Choosing Maximum number of Background Points

2,624 views
Skip to first unread message

Lyn Howe

unread,
Aug 5, 2017, 10:19:54 PM8/5/17
to Maxent
I am working on a Species Distribution model, with only 50 presences. I have been unable to find much information on how to choose number of background points. The default is 10000, but I don't know if that will be optimal for such few presences. Any literature or advice on the matter would be very helpful.
Thanks in advance

Iman Momeni

unread,
Jan 5, 2018, 4:31:04 AM1/5/18
to Maxent


On Sunday, August 6, 2017 at 4:19:54 AM UTC+2, Lyn Howe wrote:
I am working on a Species Distribution model, with only 50 presences. I have been unable to find much information on how to choose number of background points. The default is 10000, but I don't know if that will be optimal for such few presences. Any literature or advice on the matter would be very helpful.
Thanks in advance

No solution yet?

Dimitris Poursanidis

unread,
Jan 5, 2018, 4:34:16 AM1/5/18
to max...@googlegroups.com
The number of 10.000 bg points is fine to use.
See the attached paper on that issue.

--
You received this message because you are subscribed to the Google Groups "Maxent" group.
To unsubscribe from this group and stop receiving emails from it, send an email to maxent+unsubscribe@googlegroups.com.
To post to this group, send email to max...@googlegroups.com.
Visit this group at https://groups.google.com/group/maxent.
For more options, visit https://groups.google.com/d/optout.
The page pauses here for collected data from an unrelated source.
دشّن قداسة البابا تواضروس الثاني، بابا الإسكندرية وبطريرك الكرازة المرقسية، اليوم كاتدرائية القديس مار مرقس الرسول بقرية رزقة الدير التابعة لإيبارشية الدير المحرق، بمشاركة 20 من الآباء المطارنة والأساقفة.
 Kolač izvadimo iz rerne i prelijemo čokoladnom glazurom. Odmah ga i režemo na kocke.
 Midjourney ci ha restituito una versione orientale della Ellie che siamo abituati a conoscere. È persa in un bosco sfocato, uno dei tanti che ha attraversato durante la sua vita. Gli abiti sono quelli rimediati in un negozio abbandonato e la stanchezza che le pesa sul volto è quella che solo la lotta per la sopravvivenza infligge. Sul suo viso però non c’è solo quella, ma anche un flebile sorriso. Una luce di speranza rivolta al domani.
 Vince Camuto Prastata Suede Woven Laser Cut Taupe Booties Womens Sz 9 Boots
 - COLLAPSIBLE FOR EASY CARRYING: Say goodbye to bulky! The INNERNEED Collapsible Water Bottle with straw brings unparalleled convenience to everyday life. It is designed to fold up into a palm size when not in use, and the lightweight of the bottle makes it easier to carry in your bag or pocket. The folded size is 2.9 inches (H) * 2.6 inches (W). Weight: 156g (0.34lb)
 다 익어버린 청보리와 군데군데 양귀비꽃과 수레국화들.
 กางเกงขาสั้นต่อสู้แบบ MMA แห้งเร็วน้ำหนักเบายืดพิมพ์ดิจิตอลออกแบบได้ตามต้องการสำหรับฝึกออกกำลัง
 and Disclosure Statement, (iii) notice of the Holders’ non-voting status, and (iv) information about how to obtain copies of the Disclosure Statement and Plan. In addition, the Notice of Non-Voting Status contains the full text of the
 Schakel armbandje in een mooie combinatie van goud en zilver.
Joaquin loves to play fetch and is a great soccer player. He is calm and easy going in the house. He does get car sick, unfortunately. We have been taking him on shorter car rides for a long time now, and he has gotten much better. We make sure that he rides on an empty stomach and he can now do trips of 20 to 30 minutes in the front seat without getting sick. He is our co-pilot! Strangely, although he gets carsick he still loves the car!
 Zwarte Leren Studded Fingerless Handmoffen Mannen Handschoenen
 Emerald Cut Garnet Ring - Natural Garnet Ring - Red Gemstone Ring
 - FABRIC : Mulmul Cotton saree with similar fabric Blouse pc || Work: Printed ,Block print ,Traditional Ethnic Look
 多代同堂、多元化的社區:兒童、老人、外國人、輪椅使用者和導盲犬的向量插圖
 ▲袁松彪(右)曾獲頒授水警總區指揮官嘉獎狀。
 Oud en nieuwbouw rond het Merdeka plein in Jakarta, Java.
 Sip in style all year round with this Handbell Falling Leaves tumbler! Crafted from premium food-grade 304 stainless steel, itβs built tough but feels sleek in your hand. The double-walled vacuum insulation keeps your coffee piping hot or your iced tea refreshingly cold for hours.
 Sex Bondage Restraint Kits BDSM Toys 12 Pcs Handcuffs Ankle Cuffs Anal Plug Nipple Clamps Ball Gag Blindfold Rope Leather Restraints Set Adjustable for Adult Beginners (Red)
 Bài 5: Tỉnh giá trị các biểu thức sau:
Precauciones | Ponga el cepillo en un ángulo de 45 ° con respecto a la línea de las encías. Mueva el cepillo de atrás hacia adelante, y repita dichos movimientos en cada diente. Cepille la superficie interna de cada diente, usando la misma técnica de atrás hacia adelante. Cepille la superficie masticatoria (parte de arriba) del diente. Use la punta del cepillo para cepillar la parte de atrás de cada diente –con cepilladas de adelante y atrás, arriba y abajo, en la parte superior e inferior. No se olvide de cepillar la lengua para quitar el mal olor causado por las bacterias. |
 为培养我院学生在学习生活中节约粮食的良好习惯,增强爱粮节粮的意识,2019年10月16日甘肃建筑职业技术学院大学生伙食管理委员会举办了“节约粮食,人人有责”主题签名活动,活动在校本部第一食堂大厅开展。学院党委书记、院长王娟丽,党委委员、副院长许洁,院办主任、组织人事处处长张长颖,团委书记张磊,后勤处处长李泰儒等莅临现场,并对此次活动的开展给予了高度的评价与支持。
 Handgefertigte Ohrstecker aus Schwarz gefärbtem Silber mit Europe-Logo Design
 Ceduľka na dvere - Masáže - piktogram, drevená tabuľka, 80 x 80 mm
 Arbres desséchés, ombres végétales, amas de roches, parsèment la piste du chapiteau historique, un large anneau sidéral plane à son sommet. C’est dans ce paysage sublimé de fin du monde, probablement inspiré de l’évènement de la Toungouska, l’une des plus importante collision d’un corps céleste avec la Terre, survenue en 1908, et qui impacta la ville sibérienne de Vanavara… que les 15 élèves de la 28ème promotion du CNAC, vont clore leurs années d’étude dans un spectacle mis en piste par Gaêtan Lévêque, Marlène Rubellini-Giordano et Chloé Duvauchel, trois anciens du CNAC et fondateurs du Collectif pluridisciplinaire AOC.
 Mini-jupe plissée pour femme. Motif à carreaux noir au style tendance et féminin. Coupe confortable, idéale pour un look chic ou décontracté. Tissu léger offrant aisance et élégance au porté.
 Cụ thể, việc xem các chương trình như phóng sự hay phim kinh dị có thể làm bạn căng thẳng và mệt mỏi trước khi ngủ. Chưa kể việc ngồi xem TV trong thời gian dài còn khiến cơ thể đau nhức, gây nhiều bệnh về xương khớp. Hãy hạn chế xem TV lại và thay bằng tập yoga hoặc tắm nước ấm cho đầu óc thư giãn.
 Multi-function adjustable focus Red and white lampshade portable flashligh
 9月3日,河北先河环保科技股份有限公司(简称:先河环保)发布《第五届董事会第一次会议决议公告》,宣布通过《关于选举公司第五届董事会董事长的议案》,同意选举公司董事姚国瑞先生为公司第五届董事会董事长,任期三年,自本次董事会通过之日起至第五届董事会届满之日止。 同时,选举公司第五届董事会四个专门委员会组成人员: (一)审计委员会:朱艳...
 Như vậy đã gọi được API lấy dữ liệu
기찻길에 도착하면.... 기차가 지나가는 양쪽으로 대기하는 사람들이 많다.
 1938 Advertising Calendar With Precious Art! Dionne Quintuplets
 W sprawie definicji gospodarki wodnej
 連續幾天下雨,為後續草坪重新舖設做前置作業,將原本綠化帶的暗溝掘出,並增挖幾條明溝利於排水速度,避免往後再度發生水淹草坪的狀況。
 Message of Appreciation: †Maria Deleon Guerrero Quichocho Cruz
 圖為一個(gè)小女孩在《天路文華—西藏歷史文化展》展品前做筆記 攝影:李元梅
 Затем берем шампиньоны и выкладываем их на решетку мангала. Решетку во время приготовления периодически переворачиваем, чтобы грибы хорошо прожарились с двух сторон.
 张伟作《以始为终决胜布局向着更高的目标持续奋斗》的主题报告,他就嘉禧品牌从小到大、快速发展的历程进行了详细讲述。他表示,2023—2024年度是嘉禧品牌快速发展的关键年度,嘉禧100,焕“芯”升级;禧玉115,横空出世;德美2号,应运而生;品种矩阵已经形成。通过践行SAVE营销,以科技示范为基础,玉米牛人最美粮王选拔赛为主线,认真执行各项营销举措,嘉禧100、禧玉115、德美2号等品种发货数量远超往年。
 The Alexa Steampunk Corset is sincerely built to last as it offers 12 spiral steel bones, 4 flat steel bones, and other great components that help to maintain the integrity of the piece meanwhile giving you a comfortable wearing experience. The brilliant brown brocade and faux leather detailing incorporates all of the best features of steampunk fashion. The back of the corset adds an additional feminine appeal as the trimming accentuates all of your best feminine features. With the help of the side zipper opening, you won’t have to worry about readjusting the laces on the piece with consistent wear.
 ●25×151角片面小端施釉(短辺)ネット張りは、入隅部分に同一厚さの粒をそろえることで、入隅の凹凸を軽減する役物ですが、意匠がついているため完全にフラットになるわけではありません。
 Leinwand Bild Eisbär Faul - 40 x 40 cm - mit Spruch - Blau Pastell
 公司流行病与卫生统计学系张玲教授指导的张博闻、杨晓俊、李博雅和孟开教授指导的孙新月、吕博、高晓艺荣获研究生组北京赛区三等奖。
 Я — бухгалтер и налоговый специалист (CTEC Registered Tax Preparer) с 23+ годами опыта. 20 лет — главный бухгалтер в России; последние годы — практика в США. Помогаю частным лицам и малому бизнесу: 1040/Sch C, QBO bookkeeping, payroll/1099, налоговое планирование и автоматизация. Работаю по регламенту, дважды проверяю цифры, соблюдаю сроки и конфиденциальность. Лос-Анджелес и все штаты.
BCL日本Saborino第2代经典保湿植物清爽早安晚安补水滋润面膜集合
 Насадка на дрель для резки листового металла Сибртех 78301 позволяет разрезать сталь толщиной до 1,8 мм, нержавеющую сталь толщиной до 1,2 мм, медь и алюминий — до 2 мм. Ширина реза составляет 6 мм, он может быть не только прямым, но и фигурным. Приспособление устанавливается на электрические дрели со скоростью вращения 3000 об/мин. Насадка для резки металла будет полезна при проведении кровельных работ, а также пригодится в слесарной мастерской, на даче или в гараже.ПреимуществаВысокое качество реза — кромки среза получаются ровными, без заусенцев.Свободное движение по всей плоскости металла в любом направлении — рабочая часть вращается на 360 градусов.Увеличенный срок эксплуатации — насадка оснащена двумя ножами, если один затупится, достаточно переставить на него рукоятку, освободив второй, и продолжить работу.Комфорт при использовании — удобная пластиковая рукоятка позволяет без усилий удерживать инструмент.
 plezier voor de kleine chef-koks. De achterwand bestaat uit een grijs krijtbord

Selecting pseudo-absences for species distribution.pdf

Iman Momeni

unread,
Jan 5, 2018, 5:39:58 AM1/5/18
to Maxent
Thank you Dimitris
But in this paper 10000 is the maximum number of background points which they evaluated.
What about 20000 or 30000 points?


On Friday, January 5, 2018 at 10:34:16 AM UTC+1, Dimitris Poursanidis wrote:
The number of 10.000 bg points is fine to use.
See the attached paper on that issue.
On 5 January 2018 at 11:31, Iman Momeni <momen...@gmail.com> wrote:


On Sunday, August 6, 2017 at 4:19:54 AM UTC+2, Lyn Howe wrote:
I am working on a Species Distribution model, with only 50 presences. I have been unable to find much information on how to choose number of background points. The default is 10000, but I don't know if that will be optimal for such few presences. Any literature or advice on the matter would be very helpful.
Thanks in advance

No solution yet?

--
You received this message because you are subscribed to the Google Groups "Maxent" group.
To unsubscribe from this group and stop receiving emails from it, send an email to maxent+un...@googlegroups.com.

Dimitris Poursanidis

unread,
Jan 5, 2018, 5:43:16 AM1/5/18
to max...@googlegroups.com
Try and see

Also keep in mind that at each cell only one bg point is placed - thus you can see the number of cells of your raster files and see how many can fit.
To unsubscribe from this group and stop receiving emails from it, send an email to maxent+unsubscribe@googlegroups.com.

Iman Momeni

unread,
Jan 5, 2018, 5:46:31 AM1/5/18
to Maxent
Thanks

Weverton Carlos

unread,
Jan 5, 2018, 3:44:10 PM1/5/18
to Maxent

The more background points you set, the higher will be the entropy of the model. Therefore, the distribution will be more spread out.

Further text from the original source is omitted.